Hi! Some of you know me as Candi, most of you know me by my author name, CM Wright.
If you want to skip over the background details and get right to the reason, just look for the bold print.
I was diagnosed with Polycythemia Vera on Valentine's Day 2017, which is also my middle son's birthday. I had been misdiagnosed for so long, I was already in an advanced stage of the disease (cancer). Normally, it can be treated with little more than phlebotomy therapy. In simple terms, my body produces an extreme amount of iron. Eventually, it can turn into leukemia.
In my situation, some of my organs have been affected, and I also have to have aggressive treatments. I am also supposed to avoid stress. Unfortunately, the expenses related to everyday life and medical bills, treatments, medications and even the expense of traveling to appointments is the biggest cause of my stress.
My husband has been absolutely wonderful and so supportive.

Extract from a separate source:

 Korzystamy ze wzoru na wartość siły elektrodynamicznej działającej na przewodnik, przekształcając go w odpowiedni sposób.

There's many days he has to miss work because of me, which hurts us financially even more, but there's not much we can do about it. To add even more stress on us both, his checks are being garnished for medical bills from a hospital I will never set foot in again. So sometimes, most times, his paychecks barely cover his gas to get to work.
We have very little food, mostly ramen noodles, which is probably one of the worst things for me to eat. And our electricity and water are constantly being disconnected. Family and close friends have helped us a lot, but it's a huge strain on them as well.

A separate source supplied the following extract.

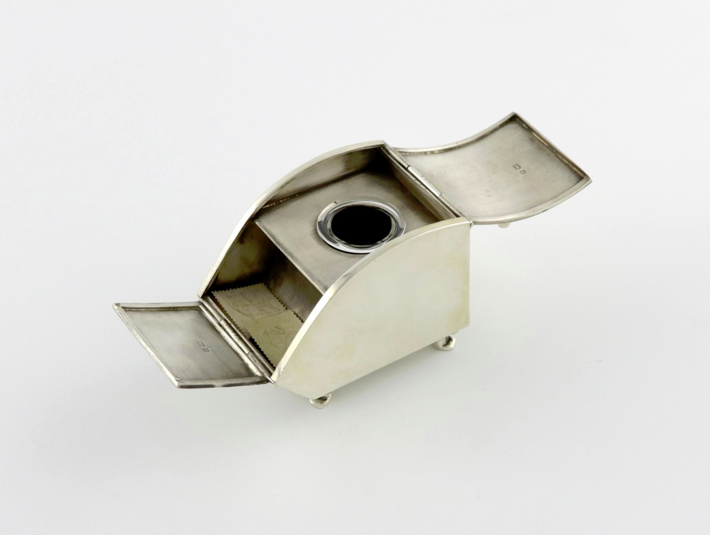 An Edwardian novelty silver coal scuttle inkwell / stamp box

The latest addition of stress thrown at us is we can't afford to have our gas reconnected for heating our home. We had it shut off over the spring and summer, expecting to pay it off over time, but with everything hitting us at once, it never happened. To reconnect, we need $525.52.
We're hoping to raise a bit more for food and to pay the water bill, but our priority is heat.

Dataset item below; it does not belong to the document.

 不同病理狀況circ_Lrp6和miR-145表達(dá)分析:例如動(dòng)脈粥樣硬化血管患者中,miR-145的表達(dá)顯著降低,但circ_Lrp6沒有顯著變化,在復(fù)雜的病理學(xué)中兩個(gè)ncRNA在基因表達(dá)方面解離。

We aren't eligible for any assistance. I know. It's crazy, but the truth. They go by gross income, not what you actually bring home, OR could POTENTIALLY be bringing home if you hadn't missed a day or two of work in that pay period for your needy spouse. Shame on me!
So basically...we need help. Not many people are good at asking for help for themselves, and I'm one of them. So I'm thinking of my kids and my husband, and what it will mean for them if they don't have me around (LOL not a pretty thought!) and how maybe, just maybe, I can help destress all of us. Give us a chance to breathe a little, regroup, and emerge from the rubble, on fire and ready to keep fighting.
Thank you for any and all help, even of all you can do is offer words of encouragement, prayers or sharing this with others. Those things mean more to me than you could know. They play a huge roll in what's gotten me through this far, and even if I haven't had the energy to tell you personally, please know the messages and comments left on FB and messenger have sometimes been the only things to make me smile and lift me up when I really didn't think I had it in me.